* WORK TO BE COMPLETED
Once you find the line below that has "The RSRC-6092 brings", output it and every line after it exactly, stopping after the line that has "通過輸入空罐高度E(=零點)", with no pictures.

* DATASET EXTRACT
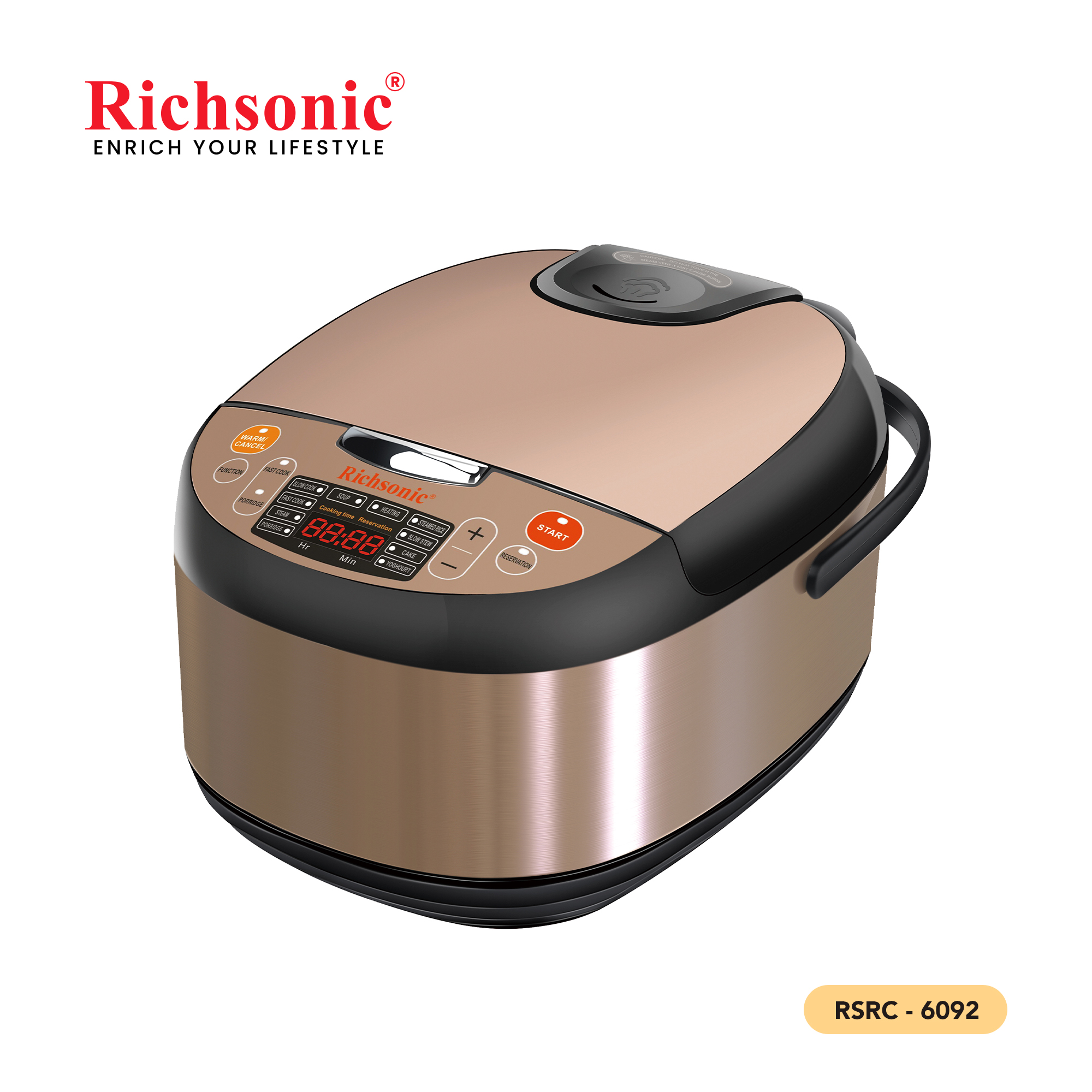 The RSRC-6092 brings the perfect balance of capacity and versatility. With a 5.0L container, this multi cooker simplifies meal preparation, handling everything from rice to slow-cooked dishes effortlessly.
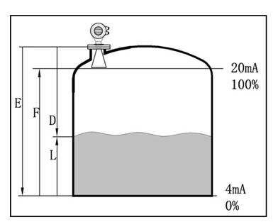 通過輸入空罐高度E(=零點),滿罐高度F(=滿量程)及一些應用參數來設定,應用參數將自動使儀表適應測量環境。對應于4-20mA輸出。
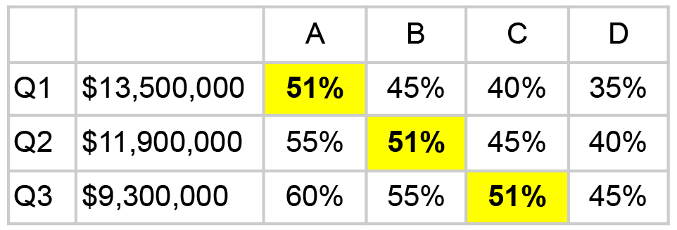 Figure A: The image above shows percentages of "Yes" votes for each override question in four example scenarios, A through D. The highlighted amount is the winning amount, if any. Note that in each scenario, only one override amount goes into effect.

...

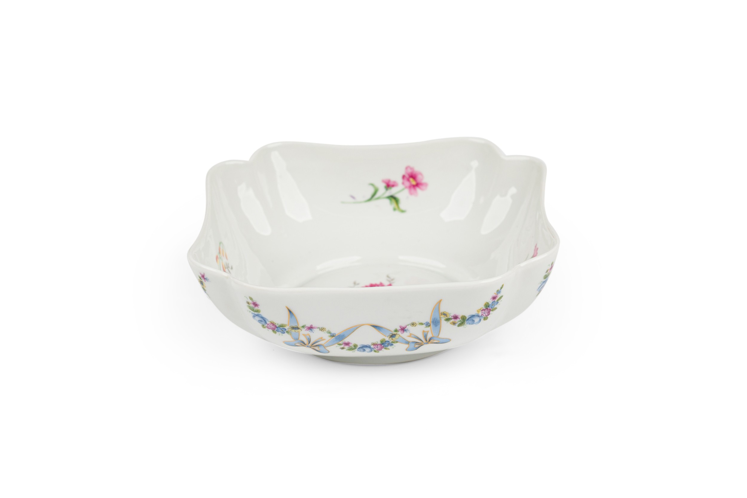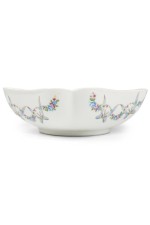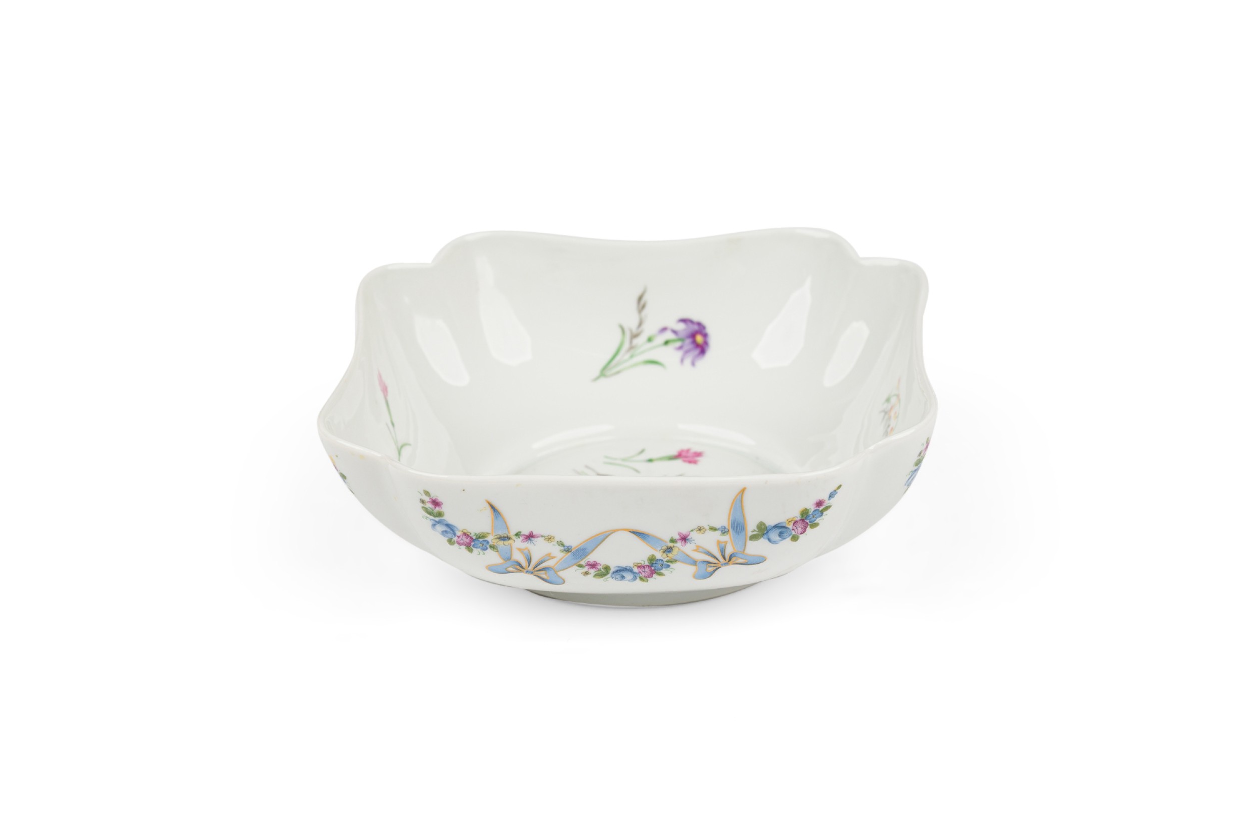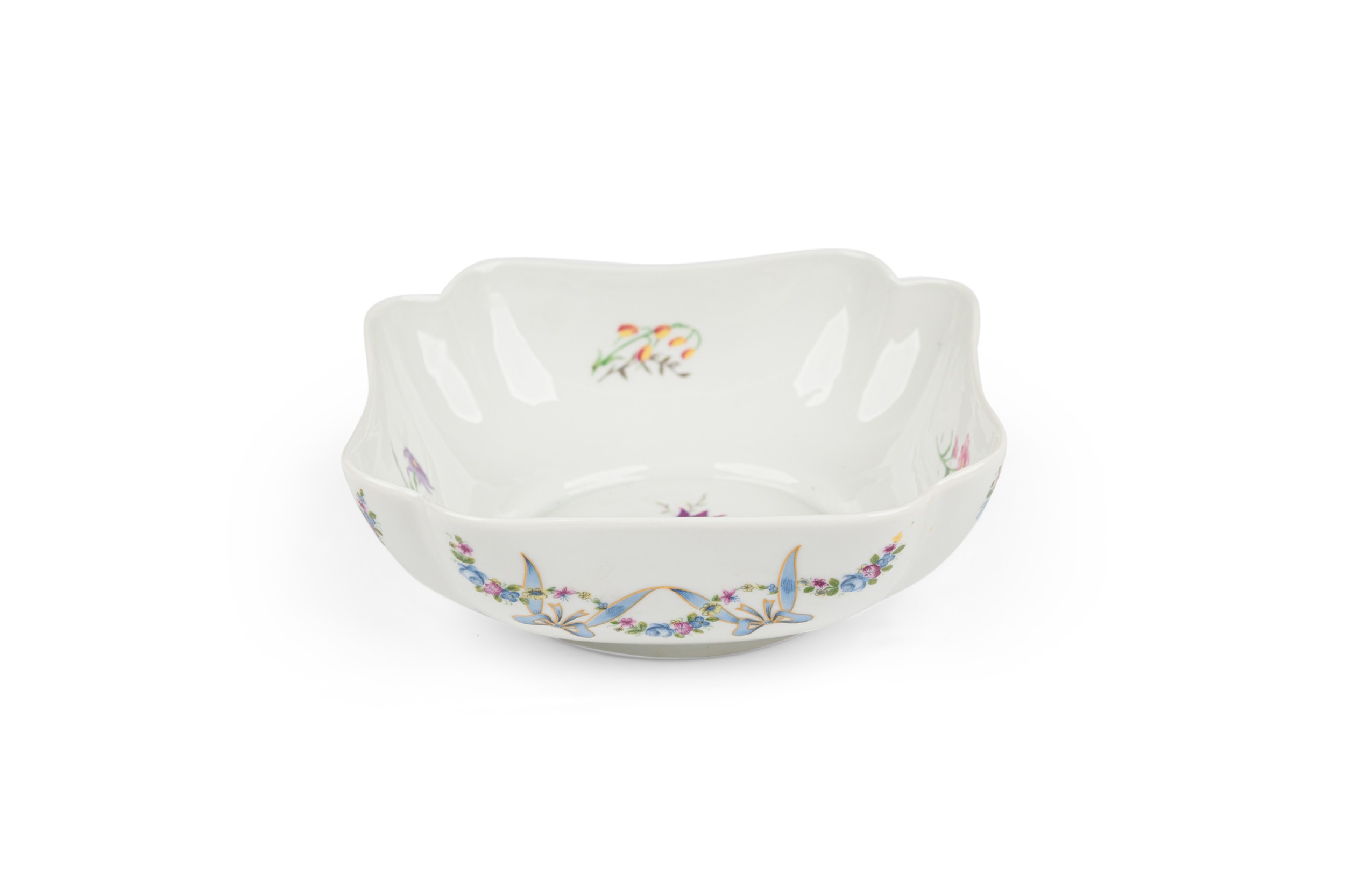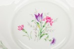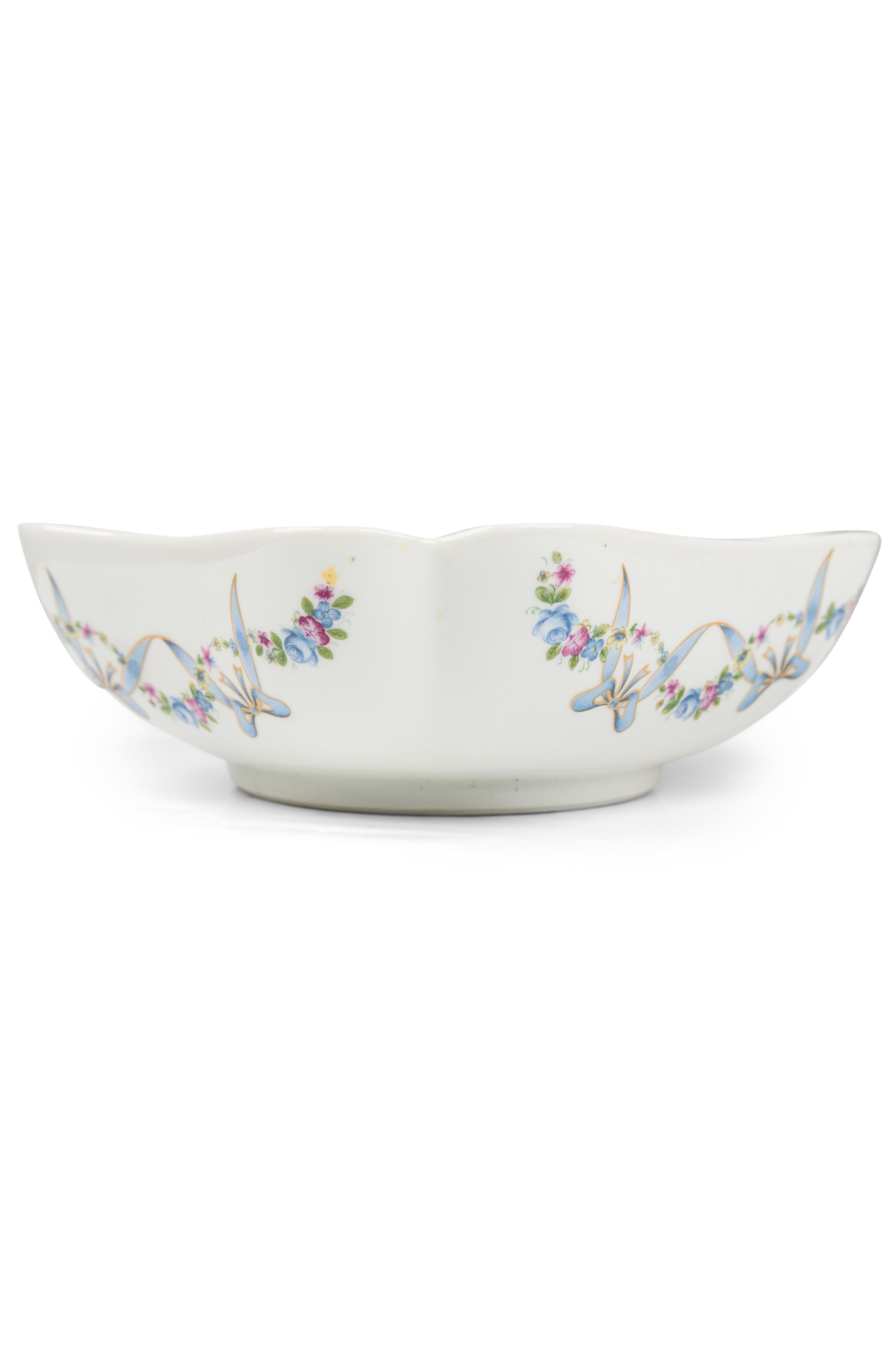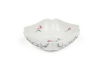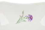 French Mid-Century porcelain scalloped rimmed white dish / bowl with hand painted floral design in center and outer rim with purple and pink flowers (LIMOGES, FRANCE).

* ANSWER BOX
 The RSRC-6092 brings the perfect balance of capacity and versatility. With a 5.0L container, this multi cooker simplifies meal preparation, handling everything from rice to slow-cooked dishes effortlessly.
 通過輸入空罐高度E(=零點),滿罐高度F(=滿量程)及一些應用參數來設定,應用參數將自動使儀表適應測量環境。對應于4-20mA輸出。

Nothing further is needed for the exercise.